Tsing Yi Concern Group (TYCG) is a pressure group formed in 1983 by a group of social workers to promote grassroots participation in local affairs in Tsing Yi.

It opposed the Mobil Oil depot storing flammable petroleum products and liquefied petro-gas which would cause chemical pollutions to the residential areas in Tsing Yi, notably the Mayfair Garden which was only fifty metres away from the depot. The leakage of the confidential Hazard Potential Consultancy Report in late 1983 helped the TYCG to mobilise residents for relocation and reduction of hazardous industries in Tsing Yi.

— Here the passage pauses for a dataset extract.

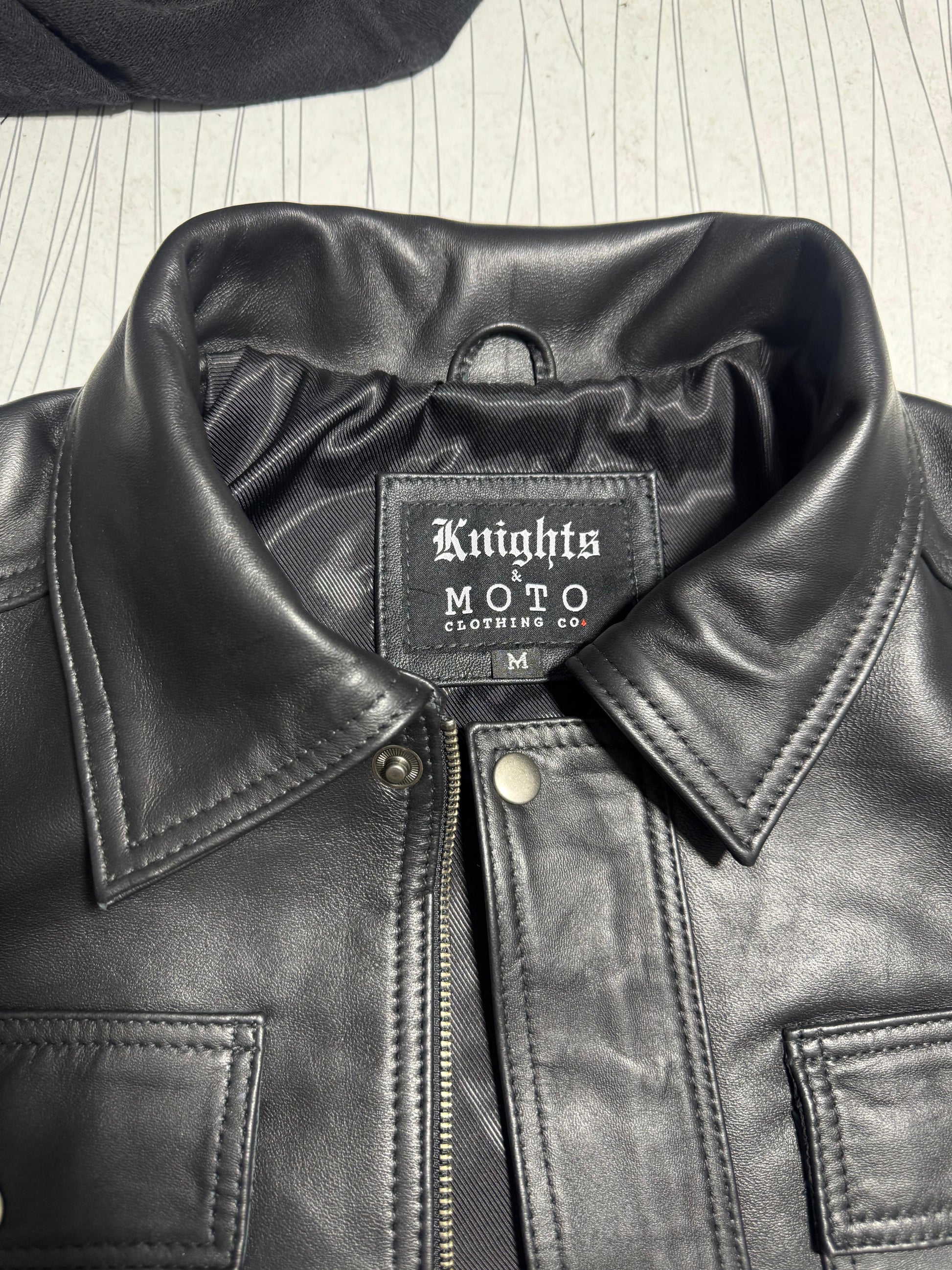 Fold collar, double breast pockets, side leather pockets, gunmetal snaps over zipper front

The group also actively participated in the Kwai Chung and Tsing Yi District Board, which led to split of membership between the Tsing Yi Concern Group and the Tsing Yi Action Group which was formed by the defected TYCG members.

In 1989, it became one of the affiliated member of the Hong Kong Alliance in Support of Patriotic Democratic Movements of China in support of the Tiananmen Square protests of 1989. It became increasingly pro-Beijing in 2000s, especially after members of the Group quit their affiliated pro-democracy parties, while some joined Beijing-friendly group Kwai Tsing Community Force.

The final District Councillor affiliated with the TYCG, Simon Chan from Tsing Yi Estate, was defeated in 2019.